◆ Records
────────
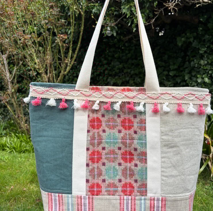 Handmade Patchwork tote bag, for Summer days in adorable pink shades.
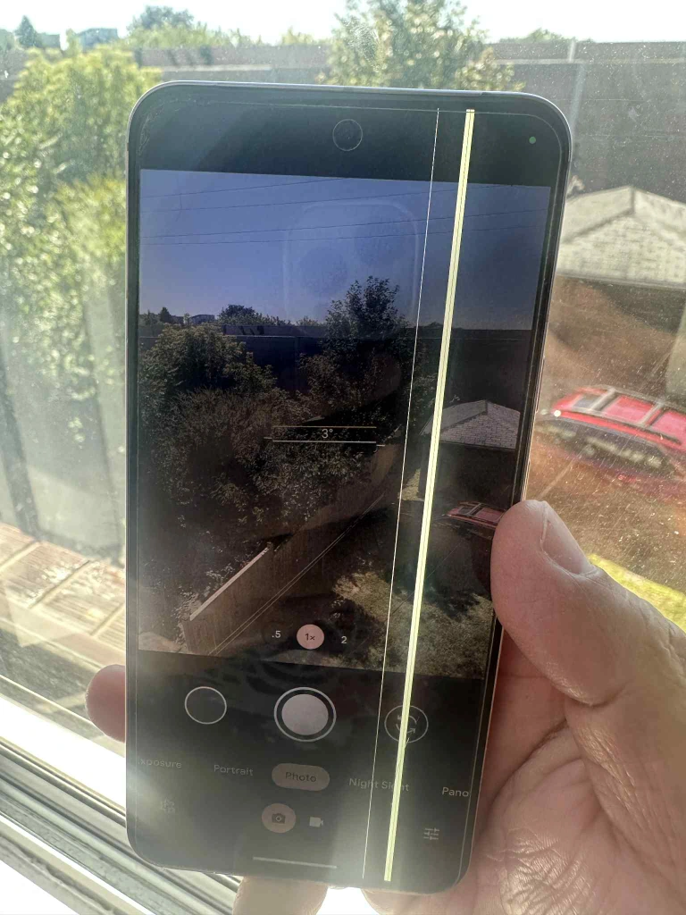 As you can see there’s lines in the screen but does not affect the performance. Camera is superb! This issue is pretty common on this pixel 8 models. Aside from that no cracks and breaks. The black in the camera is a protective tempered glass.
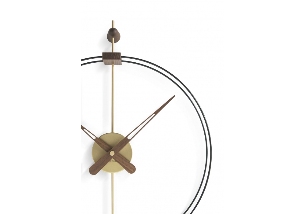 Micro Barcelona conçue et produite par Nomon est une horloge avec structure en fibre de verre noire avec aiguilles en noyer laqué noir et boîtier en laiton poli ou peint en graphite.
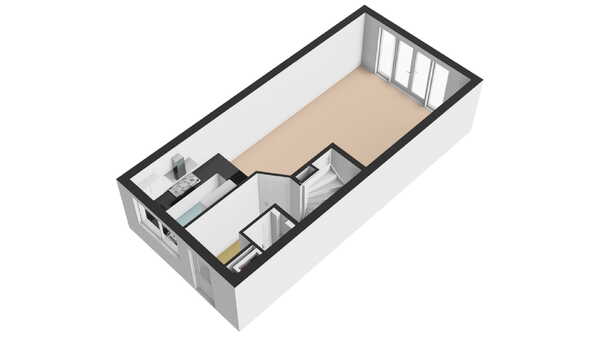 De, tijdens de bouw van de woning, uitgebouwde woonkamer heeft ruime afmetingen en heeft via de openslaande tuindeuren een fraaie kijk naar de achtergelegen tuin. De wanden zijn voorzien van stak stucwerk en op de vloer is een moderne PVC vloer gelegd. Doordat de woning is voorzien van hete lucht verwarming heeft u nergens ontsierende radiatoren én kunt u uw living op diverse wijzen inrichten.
────────
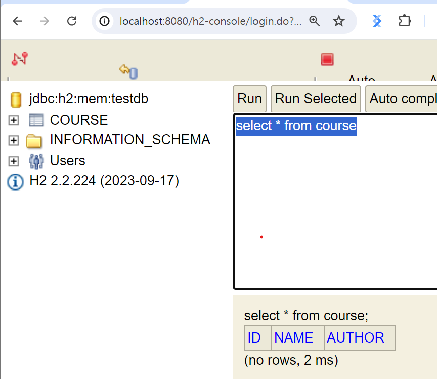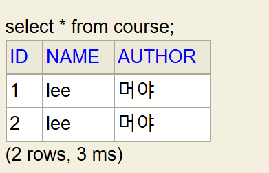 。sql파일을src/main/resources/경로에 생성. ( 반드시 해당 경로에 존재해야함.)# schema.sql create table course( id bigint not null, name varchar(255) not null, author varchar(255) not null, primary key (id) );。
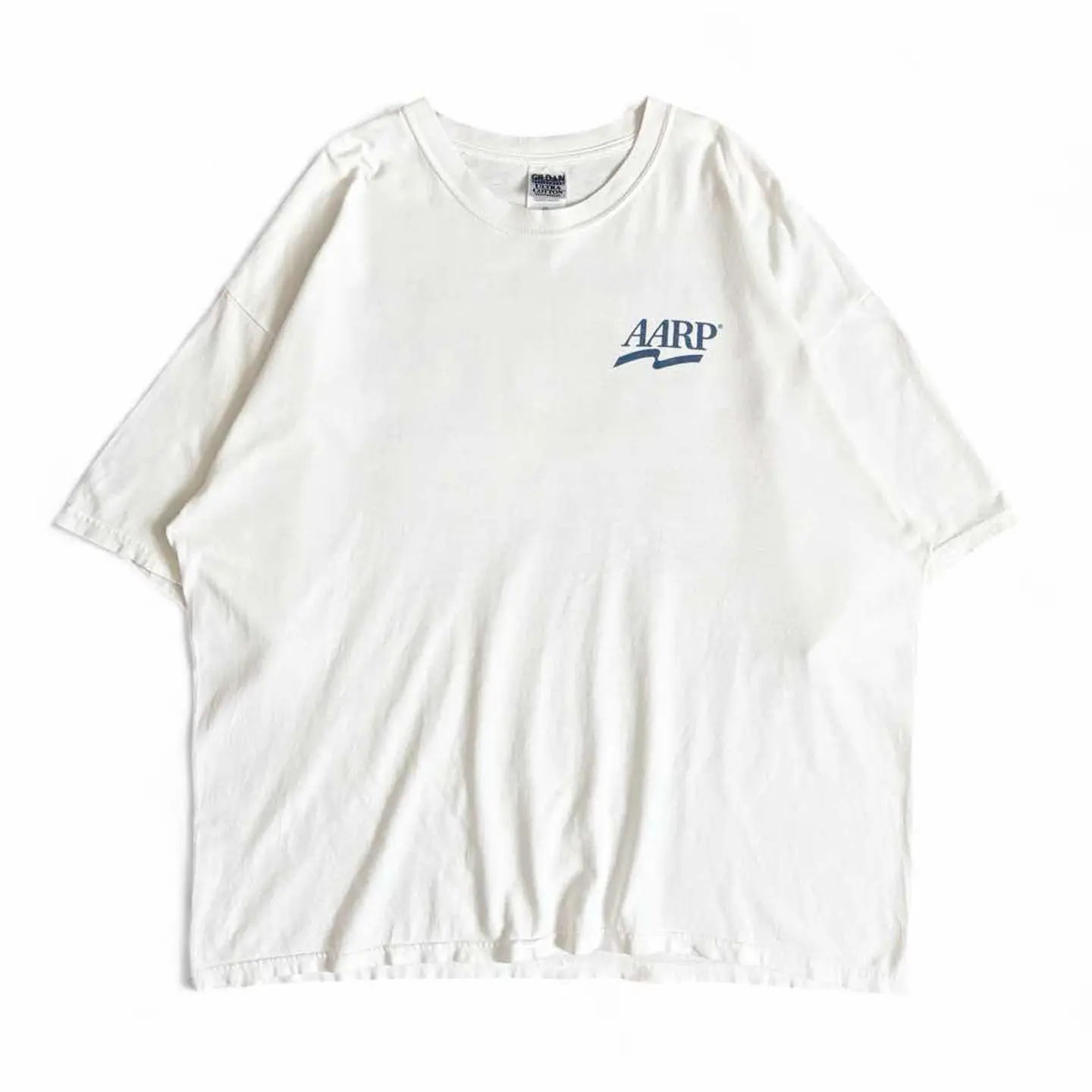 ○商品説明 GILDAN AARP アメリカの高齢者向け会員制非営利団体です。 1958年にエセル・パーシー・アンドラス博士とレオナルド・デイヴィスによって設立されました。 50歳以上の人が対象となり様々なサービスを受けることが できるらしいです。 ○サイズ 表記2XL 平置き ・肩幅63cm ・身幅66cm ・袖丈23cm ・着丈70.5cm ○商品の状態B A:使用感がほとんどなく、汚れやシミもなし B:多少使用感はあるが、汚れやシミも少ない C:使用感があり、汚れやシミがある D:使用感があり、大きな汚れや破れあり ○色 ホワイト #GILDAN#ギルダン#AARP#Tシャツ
────────
◆ Activity
All lines above starting at the one with "key (id) );。" and ending at the one with "D:使用感があり、大きな汚れや破れあり ○色 ホワイト #GILDAN#ギルダン#AARP#Tシャツ", inclusive, are to be printed again exactly, with the pictures left out.

◆ The answer
 。sql파일을src/main/resources/경로에 생성. ( 반드시 해당 경로에 존재해야함.)# schema.sql create table course( id bigint not null, name varchar(255) not null, author varchar(255) not null, primary key (id) );。
 ○商品説明 GILDAN AARP アメリカの高齢者向け会員制非営利団体です。 1958年にエセル・パーシー・アンドラス博士とレオナルド・デイヴィスによって設立されました。 50歳以上の人が対象となり様々なサービスを受けることが できるらしいです。 ○サイズ 表記2XL 平置き ・肩幅63cm ・身幅66cm ・袖丈23cm ・着丈70.5cm ○商品の状態B A:使用感がほとんどなく、汚れやシミもなし B:多少使用感はあるが、汚れやシミも少ない C:使用感があり、汚れやシミがある D:使用感があり、大きな汚れや破れあり ○色 ホワイト #GILDAN#ギルダン#AARP#Tシャツ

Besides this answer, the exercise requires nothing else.